Problem | Return the lines of the material below exactly, beginning with the line that has "アイメディアのレインコートは" in it and finishing with the line that has "Auf Wunsch der" in it. Leave all pictures aside.

Material to process |
———

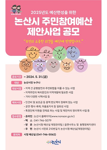 논산시(시장 백성현)가 다음달 31일까지 시 슬로건인“논산을 새롭게, 시민을 행복하게”를 바탕으로 2025년도 예산편성을 위한 주민참여예산 제안사업 공모를 진행한다고 밝혔다.
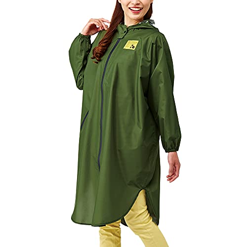 アイメディアのレインコートは、カーキ色の男女兼用レインポンチョです。撥水・防水機能を備え、自転車や通学・通勤に最適。ゆったりしたデザインで快適な着心地を提供します。
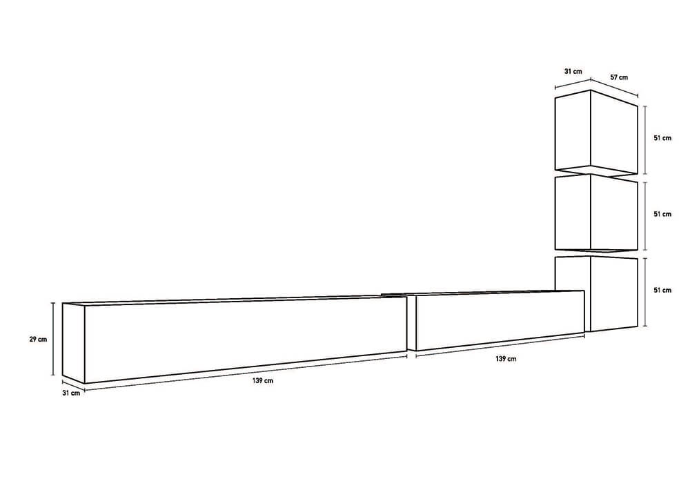 Parete Attrezzata Mobili Salotto Con 6 Mobili Sospesi I Singoli Elementi Possono Essere Posizionati In Posizione Differente DallImmagine a Seconda dei Vostri Gusti TFT Serie CubeCaratteristiche:
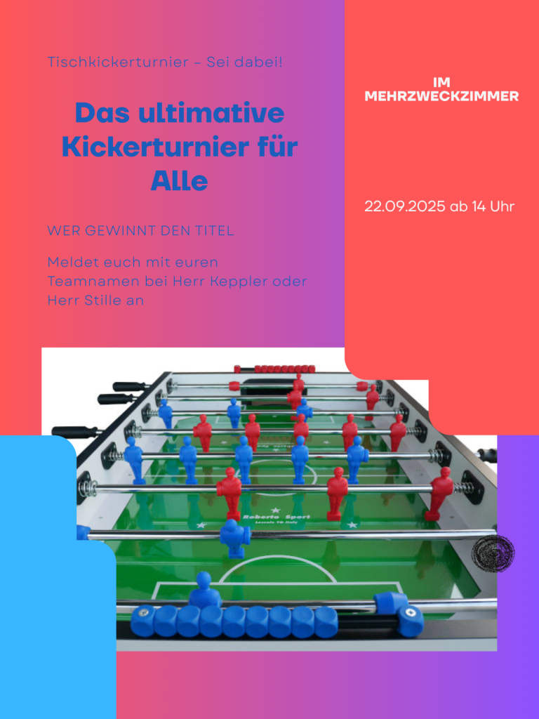 Auf Wunsch der Kinder findet in der nächsten Woche, am Montag, dem 22.09.25 unser erstes Kickerturnier in diesem Schuljahr statt.
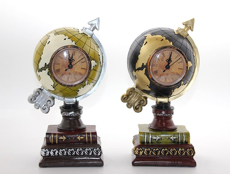 POLYESTER SAATLİ DÜNYA KÜRE Ürün Özellikleri Polyester Saatli Dünya Küre, klasik dünya küresi tasarımını masa saati fonksiyonuyla birleştiren dekoratif ve işlevsel bir masaüstü aksesuarıdır. Antik eskitme görünümlü detayları, işlemeli kaide yapısı ve üst kısmındaki küre formu ile bulunduğu ortama nostaljik ve prestijli bir hava katar. Ön yüzeyde yer alan analog saat mekanizması sayesinde hem zamanı takip edebilir hem de dekoratif bir obje olarak kullanabilirsiniz. Polyester malzemeden üretilmiş sağlam gövdesi, detaylı işçilik görünümü sunar ve masa üzerinde dengeli bir duruş sağlar. Ofis masalarında, çalışma alanlarında, kitaplık raflarında ve klasik dekorasyon tarzına sahip mekanlarda dikkat çekici bir tamamlayıcıdır. Hem dekoratif hem fonksiyonel yapısıyla öne çıkan bir saatli masaüstü dünya küresi seçeneğidir. Klasik tasarım sevenler için şık bir dekoratif polyester dünya küre saat alternatifidir. Görselde yer alan iki modelden biri karışık olarak gönderilmektedir. Ürün Teknik Özellikleri Özellik Açıklama Ürün Adı Polyester Saatli Dünya Küre Malzeme Polyester Tasarım Antik Eskitme Görünümlü Küre ve Saat Fonksiyon Analog Saat + Dekoratif Küre Model 2 Farklı Model (Karışık Gönderim) Kullanım Alanı Ev, Ofis, Çalışma Masası, Kitaplık Paket İçeriği 1 Adet Polyester Saatli Dünya Küre
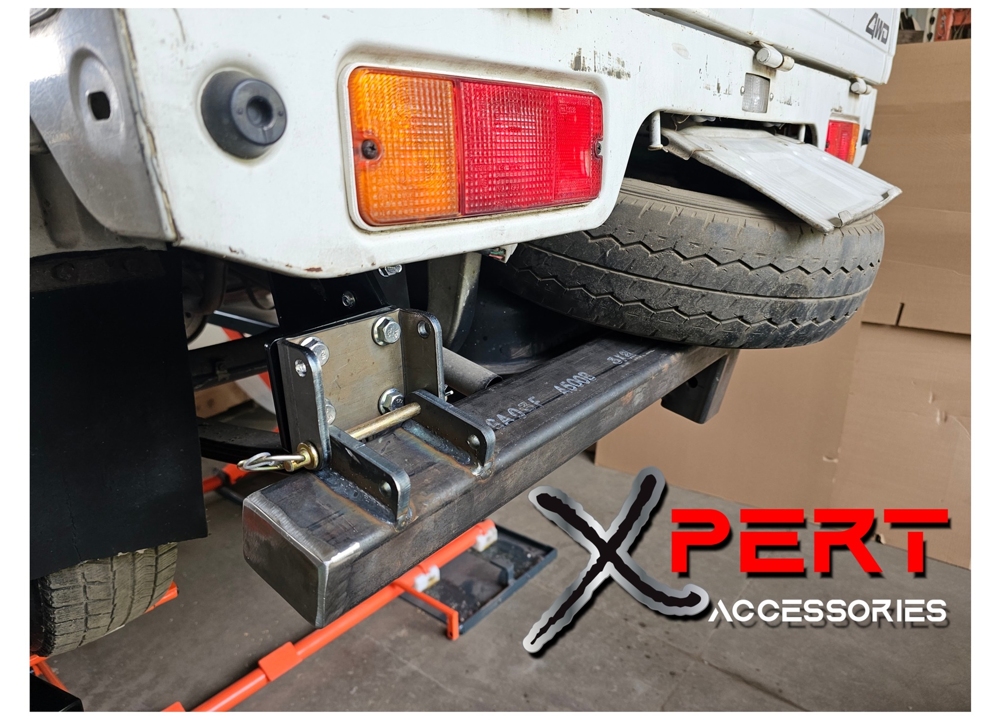 Suzuki Carry DD51T Rear Baird Bumper. The New DD51 Baird Bumper allows you to maintain full access to your factory spare and keep your flip-up license plate as is. Bumper is fully removeable and has a receiver hitch.

———

Result of this task |
 アイメディアのレインコートは、カーキ色の男女兼用レインポンチョです。撥水・防水機能を備え、自転車や通学・通勤に最適。ゆったりしたデザインで快適な着心地を提供します。
 Parete Attrezzata Mobili Salotto Con 6 Mobili Sospesi I Singoli Elementi Possono Essere Posizionati In Posizione Differente DallImmagine a Seconda dei Vostri Gusti TFT Serie CubeCaratteristiche:
 Auf Wunsch der Kinder findet in der nächsten Woche, am Montag, dem 22.09.25 unser erstes Kickerturnier in diesem Schuljahr statt.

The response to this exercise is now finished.